There's a word I've been thinking about for the last couple of weeks, one of those nice loaded words of the sort that make people either wander off mentally or fidget nervously or roll their eyes impatiently or gear up for a good heated argument.  A word with baggage, so to speak.

Ready for it?  My dubious word-'o-the-month is this:

Repentance.

I'll just leave that there for a moment, and say that I'm totally disinterested in baggage.  I'm going to avoid the steamer trunks and not dig through any old laundry, mine or anyone else's.  One could ramble for quite a long time, digging into the meaning and uses and emotional reactions and social constructs of a word like this.  By all means, have at it if you like.  I'm not going to today.  That's not what I've been thinking about.

Underneath the dubious baggage, I understand that the root of this word simply means "to turn around."  To repent is to choose to turn around and go another way.  And taken in this very simple and direct form, it is becoming for me a powerful tool of change.

I've written before (and knowing me, I will again) about old patterns and habits and things which I dislike about myself and which trip me up over and over.  I hate that personal change happens so slowly, and I constantly wish that I were somehow ahead of where I am now.

There's the old saying that insanity is repeating the same actions and expecting to get a different result.  Do you spot it in there?  What this saying is indirectly advocating one do, in order to get new results?  Repent.  Turn around.  Do something else.

The standard definition of "repentance" has an element of contrition, and it seems many people add in an element of shame, consciously or not.  (Hello, baggage.  What else is packed inside those suitcases but shame?)  I am finding the assumed emotional component is neither necessary nor helpful.  Turning around doesn't take contrition.  It doesn't require shame.  It doesn't demand any emotional component at all.  It needs a decision and act of the will.  It takes saying, I'm not going to do that thing anymore.  I'm going to do this instead.  That's all.

Being human types, emotions get wrapped up in nearly everything we do.  Of course.  But emotions don't have to be in the lead here, and in many situations, they probably shouldn't be.  If I'm confronting a poor and long-standing habit, feeling ashamed doesn't help me break free of it.  What helps is making a change.  Whatever emotions come along for the ride, a decision backed up by action is the critical component of change.  And this is what repentance is. 

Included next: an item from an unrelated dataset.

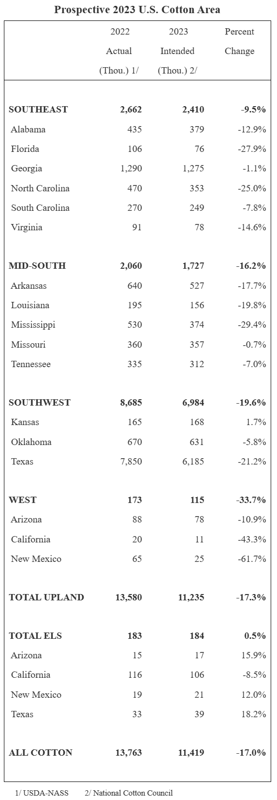 據美國國家棉花委員會(NCC)第42次年度早期種植意向調查,美國棉花生產商計劃今年春季種植1141.9萬英畝棉花,比2022年減少17%。陸地棉意向1123.5萬英畝,比2022年減少17.3%,超長纖維棉(ELS)種植意向18.4萬英畝,增長0.5%。
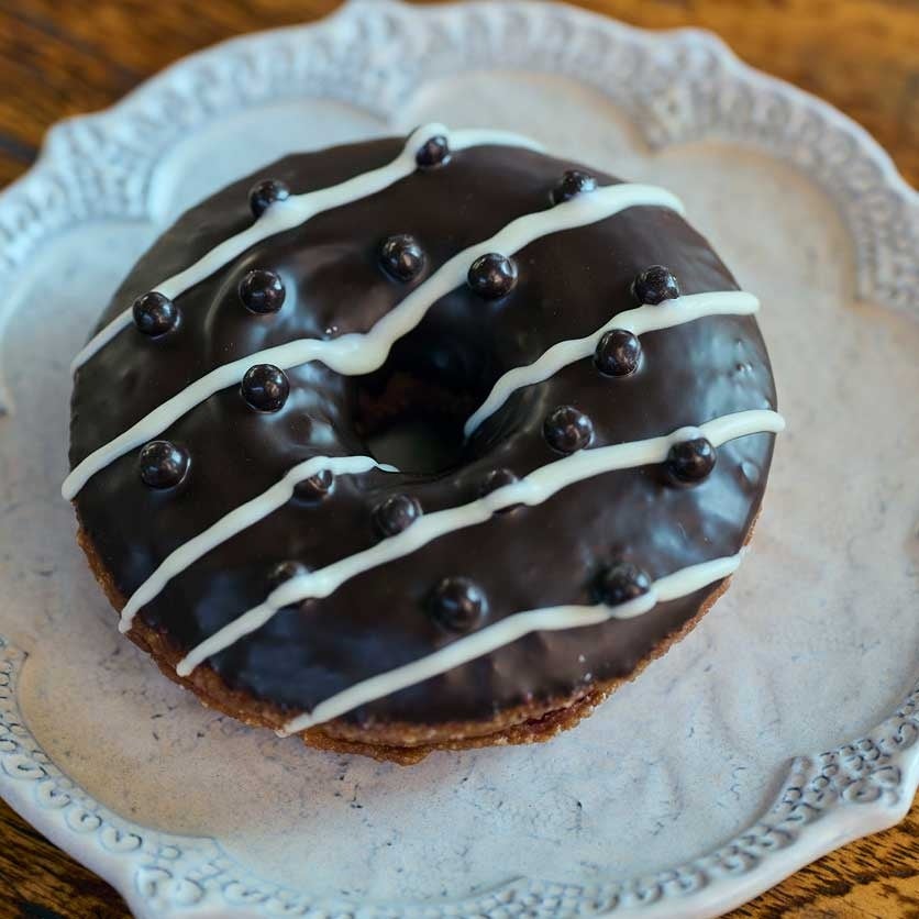 生クリームをたっぷり包んだハート型のドーナツに、濃厚なダークチョコレートをコーティング。さらに、アーモンドとカカオニブをトッピングして香ばしさと食感をプラスしました。

A lot of teachers and coaches have said the same thing in other words.  This theological word, this loaded word is the one that has been in my attention and the one which I have been using to set against the habits I want to change.  Why this word?  I'm not sure.  Answering the question properly means rooting through baggage, which I am not doing today.  The simplest thing I can say is that I am reading and following the words of my teacher Jesus, and this is a word he uses.  I'm trusting (and this goes against my grain, but I'm doing my best) that I don't need to understand everything perfectly in order to make a change.  I'm doing what my Teacher says to do: repent of what's wrong and turn toward what's right.  That's not easy, but it is certainly simple.  And lo and behold, I find my Teacher is right.  Change comes, early and small, and real.  But more on that another day.